We now show that $\tau$ is legal. Assume, by way of contradiction, that $\tau$ is not legal. So there is some read of $x$ (by $p_i$) that returns $v$, where the most recent write to $x$ (by $p_j$) was for $w \neq v$.

$$
\tau = \ldots w_j(x, w)\ldots (\text{no write to } x) \ldots r_i(x, v)\ldots
$$

By construction of $\tau$, $w_j(x, w)$ comes before $r_i(x, v)$ in $\tau_i$. Since $\tau_i$ is legal, some $w_k(x, v)$ comes between $w_j(x, w)$ and $r_i(x, v)$ in $\tau_i$. Since every value written is read (assumption (b)) and $\tau_i$ is legal, some $r_m(x, w)$ comes between $w_j(x, w)$ and $w_k(x, v)$ in $\tau_i$, i.e.,

$$
\tau_i : \ldots w_j(x, w)\ldots r_m(x, w)\ldots w_k(x, v)\ldots r_i(x, v)\ldots
$$
By construction of $\tau$, $w_i(x,w)$ comes before $r_m(x,w)$ in $\tau$. By hybrid consistency, $r_m(x,w)$ comes before $r_i(x,v)$ in $\tau$ since the reads are strong. I.e.,

$$\tau: \ldots w_j(x,w) \ldots r_m(x,w) \ldots r_i(x,v) \ldots$$

By hybrid consistency, $r_m(x,w)$ also comes before $r_i(x,v)$ in $\tau_k$. Since $\tau_k$ is legal and every write is unique (assumption (a)), we also get:

$$\tau_k: \ldots w_j(x,w) \ldots r_m(x,w) \ldots w_k(x,v) \ldots r_i(x,v) \ldots$$

Thus by construction of $\tau$, $w_k(x,v)$ comes between $r_m(x,w)$ and $r_i(x,v)$ in $\tau$. I.e.,

$$\tau: \ldots w_j(x,w) \ldots r_m(x,w) \ldots w_k(x,v) \ldots r_i(x,v) \ldots$$

A contradiction.

We now give two counter-examples to show that the assumptions made in order to prove Theorem 4.4 are necessary. The first example demonstrates that the theorem is incorrect without the assumption that the values written to the same location are unique. The second example demonstrates that the theorem is incorrect without the assumption that every write is read.

For the first counter-example, consider the following run $R$, assuming the initial value of every object is 0:

$$R|p_1 : w_1^1(y,1), w_1^2(x,2)$$
$$R|p_2 : w_2^1(y,1), w_2^2(x,2)$$
$$R|p_3 : sr_3^1(x,2), sr_3^2(y,0), sr_3^3(y,1), sr_3^4(y,1), sr_3^5(x,2)$$

For which we can take:

$$\tau_1 = w_2^2(x,2), sr_3^1(x,2), sr_3^2(y,0), w_2^1(y,1), sr_3^3(y,1), w_1^1(y,1), sr_3^4(y,1), w_2^1(x,2), sr_3^5(x,2)$$
$$\tau_2 = w_1^1(x,2), sr_3^1(x,2), sr_3^2(y,0), w_1^1(y,1), sr_3^3(y,1), w_1^1(y,1), sr_3^4(y,1), w_2^1(x,2), sr_3^5(x,2)$$
$$\tau_3 = w_1^2(x,2), sr_3^1(x,2), sr_3^2(y,0), w_2^1(y,1), sr_3^3(y,1), w_2^1(y,1), sr_3^4(y,1), w_2^1(x,2), sr_3^5(x,2).$$

$R$ is a hybrid consistent run in which every write is read, but the values which are written are not unique.
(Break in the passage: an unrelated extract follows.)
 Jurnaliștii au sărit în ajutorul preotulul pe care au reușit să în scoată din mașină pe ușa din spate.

However, $R$ is not a sequentially consistent run since $sr_3^1(x,2)$ means that either $p_1$ or $p_2$ has already written to both $y$ and $x$, and it’s not possible that $r_3^2(y,0)$ returns the initial value of $y$. Therefore, the assumption that the values which are being written are unique is necessary for the proof of Theorem 4.4.
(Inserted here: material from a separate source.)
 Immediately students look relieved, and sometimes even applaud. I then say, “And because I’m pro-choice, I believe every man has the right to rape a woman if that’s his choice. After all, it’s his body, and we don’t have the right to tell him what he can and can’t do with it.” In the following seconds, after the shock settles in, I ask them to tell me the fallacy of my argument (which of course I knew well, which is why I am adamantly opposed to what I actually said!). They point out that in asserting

For the second counter-example, consider the following run $R$, assuming the initial value of every object is 0:

$$R|p_1 : w_1^1(x,1), w_2^1(y,1), sr_1^3(y,2)$$
$$R|p_2 : w_2^1(y,2), w_2^2(x,2), sr_3^2(x,1)$$
For which we can take:

\[
\begin{align*}
\tau_1 &= w_1^1(x, 2), w_1^1(x, 1), w_1^2(y, 1), w_1^2(y, 2), sr_1^3(y, 2), sr_2^3(x, 1) \\
\tau_2 &= w_2^1(y, 1), w_2^1(y, 2), w_2^2(x, 2), w_2^1(x, 1), sr_1^3(y, 2), sr_2^3(x, 1)
\end{align*}
\]

\[R\] is a hybrid consistent run in which the values which are written are unique, but not every write is read. However, the reader can verify that \[R\] is not sequentially consistent. Therefore, the assumption that each write is read is necessary for the proof of Theorem 4.4.
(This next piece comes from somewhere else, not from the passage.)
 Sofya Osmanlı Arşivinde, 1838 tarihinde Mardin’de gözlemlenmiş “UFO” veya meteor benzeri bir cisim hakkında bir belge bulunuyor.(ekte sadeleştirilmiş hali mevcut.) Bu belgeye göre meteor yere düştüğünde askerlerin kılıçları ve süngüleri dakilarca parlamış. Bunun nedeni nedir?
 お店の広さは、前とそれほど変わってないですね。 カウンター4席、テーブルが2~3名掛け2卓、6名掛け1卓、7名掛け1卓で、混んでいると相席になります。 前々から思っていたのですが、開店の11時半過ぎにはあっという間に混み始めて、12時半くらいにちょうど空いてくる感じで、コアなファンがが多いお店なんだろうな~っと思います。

5 Running Data-Race-Free Programs

In this section we prove that data-race-free programs behave on hybrid consistent memory implementations as if they were sequentially consistent. Hybrid consistency is a weaker condition than sequential consistency, and can be implemented more efficiently \cite{28, 10, 9}. Clearly, having data-race-free programs behave on hybrid consistent memory implementations as if they were sequentially consistent is a desirable property, since many concurrent programs attempt to be data-race-free.

5.1 Definition of Data-Race-Free Programs

Let \(op_i^1\) and \(op_j^2\) be two operations appearing in some sequence of memory operations \(a\). Then

- \(op_i^1 \xrightarrow{\sigma} op_j^2\) if \(i = j\) and \(op_i^1 \xrightarrow{\sigma} op_j^1\).
- \(op_i^1 \xrightarrow{\sigma} op_j^2\) if both \(op_i^1\) and \(op_j^2\) are strong operations and \(op_i^1 \xrightarrow{\sigma} op_j^1\).

The relation \(happens \ before\), denoted by \(h\), is the transitive closure of the union of \(\xrightarrow{p}\) and \(\xrightarrow{s}\).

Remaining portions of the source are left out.